As I’ve written about previously, I’m presently conducting research on the 1990s as a unique phenomenon in the protest music genre. Usually, when we think of protest songs, we think of Bob Dylan, Pete Seeger, or Creedence Clearwater Revival singing “Fortunate Son.” These artists all came from the 1960s, a time of rebellion, revolution, and military conscription into the Vietnam War. Maybe we think of the punk anarchy movements of the 1970s and ’80s. We don’t usually think of the years between 1989’s crumbling of the Berlin Wall and 2001’s terror attacks in America as being protest-worthy. Yet, pop music was rife with protest songs. Apartheid, feminism, LGBT+, racism/police brutality, and environmentalism exploded in songs that stood as accusations against harmful behaviors. This interested me, and few have written about it.
I started this project literally from scratch. No one had a comprehensive database of protest music. There might be datasets with topic-specific songs (anti-war, for example) but no database that includes all songs of rage. So I got to work building one.
The first thing I did is grab as many anti-war songs I could find in pop music. I ended up with about 1,200 noteworthy songs initially. I had to exclude a lot of songs from independent musicians or songs that didn’t seem to exist at all. In order to make my list, the songs had to be noteworthy enough to chart, have a Wikipedia page dedicated to it, or to have appeared on television or in a movie, or to have found subsequent fame.
So I dumped all of these songs into Excel and made my little chart according to year and number of anti-war protest songs. And this is what I found with this initial list of songs.

The graph has more-or-less predictable peaks and valleys, which I’ve labeled. Popular music didn’t really exist before 1950, so I started there. It took about a decade to ramp up, but once Nixon was in office and the Vietnam War raged, so too raged musicians.
Once Nixon left office, things settled down (for a very short time). Anti-nuclear war/Cold War songs create the next major peak, especially during the Reagan years when the threat of nuclear war was higher than normal (at first, then it settled down as Reagan took disarmament surprisingly, or at least relatively, seriously).
We all know the tale. Strangely, the Cold War evaporated into thin air—practically overnight. And with the Cold War went the songs of war.
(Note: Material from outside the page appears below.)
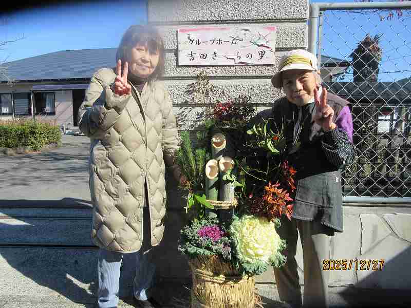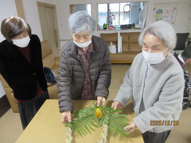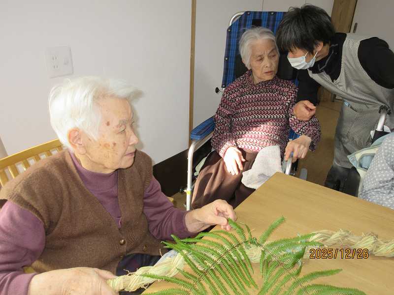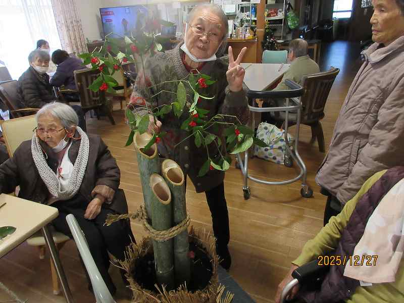 12月27日 デイサービスでもしめ縄を飾り門松作りを行いました🎍

Well, mostly.
In his song, “Right Here, Right Now” (1991), Jesus Jones ushered in the new era by proclaiming:
I was alive and I waited, waited I was alive and I waited for this Right here, right now there is no other place I want to be Right here, right now watching the world wake up from history
Let me repeat that last line: “watching the world wake up from history.” This song is singer Mike Edwards’ proclamation that he survived the Cold War, and he’s now witnessing the victory of peace over the threat of nuclear annihilation. Jesus Jones seems to, perhaps knowingly (?), capture the sentiment of so many Western political scientists at the time, especially Francis Fukuyama and his “End of History” hypothesis. Few sang about war anymore.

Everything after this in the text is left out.